The seventh season was the first season to be released on Blu-ray format. The eighth season, also on Blu-ray, was released simultaneously with the complete series set on DVD. On December 2, 2017, all eight seasons, 24: Redemption, 24: Live Another Day and 24: Legacy were released on Blu-ray individually and in a box set by Fox Japan.

All eight seasons and 24: Redemption are available for purchase or rental on iTunes, Amazon Video on Demand, and previously the Zune Marketplace. 24 was available on Netflix in the United States, but was pulled from the service on April 1, 2014, and also pulled from the UK. The show was pulled from Netflix Canada on January 1, 2018. In 2021, the series was added to streaming service Disney+ worldwide except for the United States where it is on Hulu, following the acquisition of 21st Century Fox by Disney in 2019. All episodes were made available in HD.

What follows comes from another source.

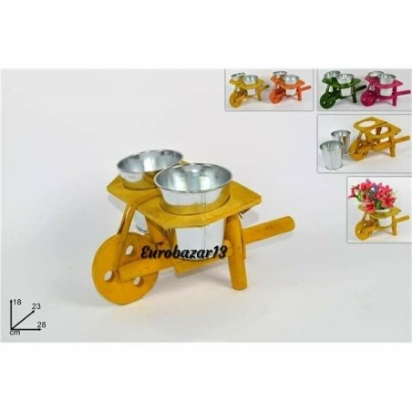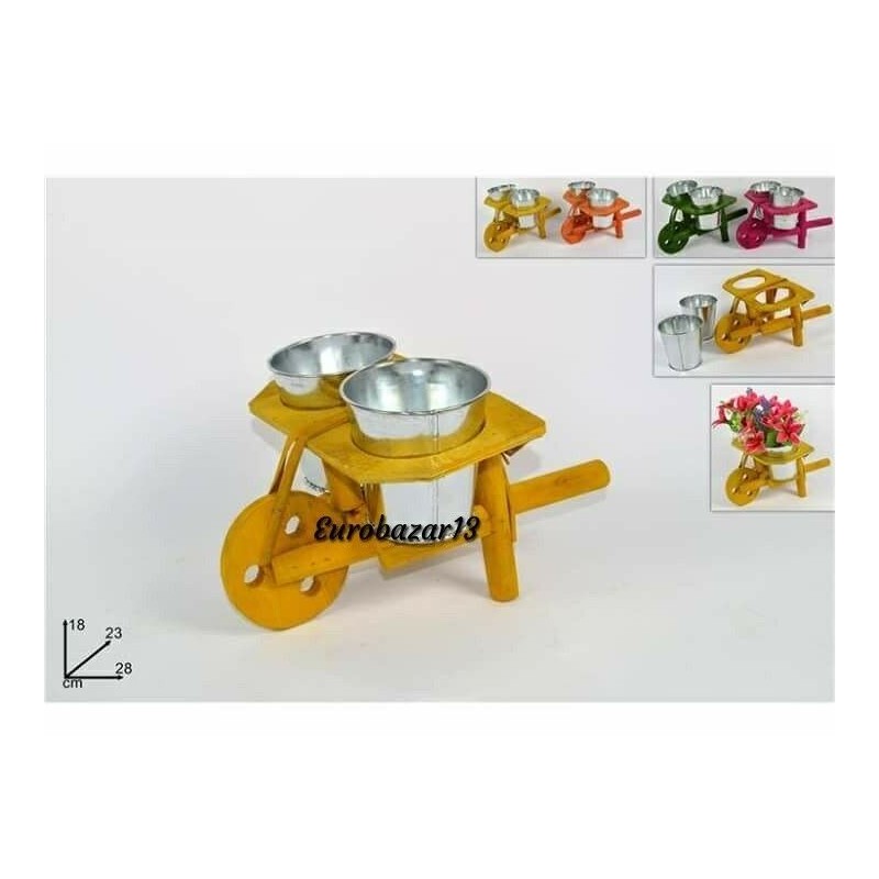 Portapiante carriola legno 2posti con vasetti metallo 6 colori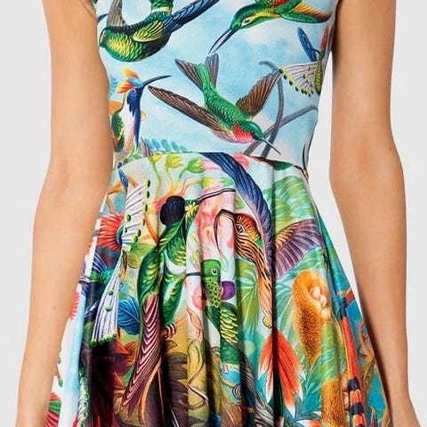 Delias Hawaii tube top / kjole, størrelse medium, kjøpt på Dollskill. Hibiskus blomster motiv, fossefall og sommerfugler. Fargene er blå, grønn og gul. Brukt en gang

In Australia, 24: The Complete Series was released on December 1, 2010, and was re-issued with a new designed box on November 2, 2016.

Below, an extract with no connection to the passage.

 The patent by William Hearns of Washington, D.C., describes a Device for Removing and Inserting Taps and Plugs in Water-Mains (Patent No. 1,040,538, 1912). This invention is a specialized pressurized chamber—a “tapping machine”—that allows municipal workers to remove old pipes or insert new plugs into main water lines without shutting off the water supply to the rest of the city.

| DVD release |  | Episodes | Originally aired | Release date |  |  |
| Region 1 | Region 2 | Region 4 |
|  | Season One | 24 | 2001–02 | September 17, 2002 | October 14, 2002 | December 3, 2002 |
|  | Season Two | 24 | 2002–03 | September 9, 2003 | August 11, 2003 | November 11, 2003 |
|  | Season Three | 24 | 2003–04 | December 7, 2004 | August 9, 2004 | September 7, 2004 |
|  | Season Four | 24 | 2005 | December 6, 2005 | August 8, 2005 | November 2005 |
|  | Season Five | 24 | 2006 | December 5, 2006 | November 6, 2006 | December 6, 2006 |
|  | Season Six | 24 | 2007 | December 4, 2007 | October 1, 2007 | September 19, 2007 |
|  | 24: Redemption | 1 (Two hours) | 2008 | November 25, 2008 | December 1, 2008 | February 11, 2009 |
|  | Season Seven | 24 | 2009 | May 19, 2009 | October 19, 2009 | November 11, 2009 |
|  | Season Eight | 24 | 2010 | December 14, 2010 | November 8, 2010 | December 1, 2010 |
|  | 24: Live Another Day | 12 | 2014 | September 30, 2014 | October 6, 2014 | October 1, 2014 |

==Adaptations==
===India===

In November 2011, Anil Kapoor purchased the rights to 24 to make an Indian adaptation of the series. Kapoor, who played Omar Hassan in season eight of the original series, plays the lead role in the adaptation that is based on Jack Bauer, and also produces the series. The series debuted in India on the television channel Colors on October 4, 2013.

===Japan===

A 24-episode adaptation debuted in Japan on October 9, 2020, on the television channel TV Asahi. It stars Toshiaki Karasawa as CTU agent Genba Shidō.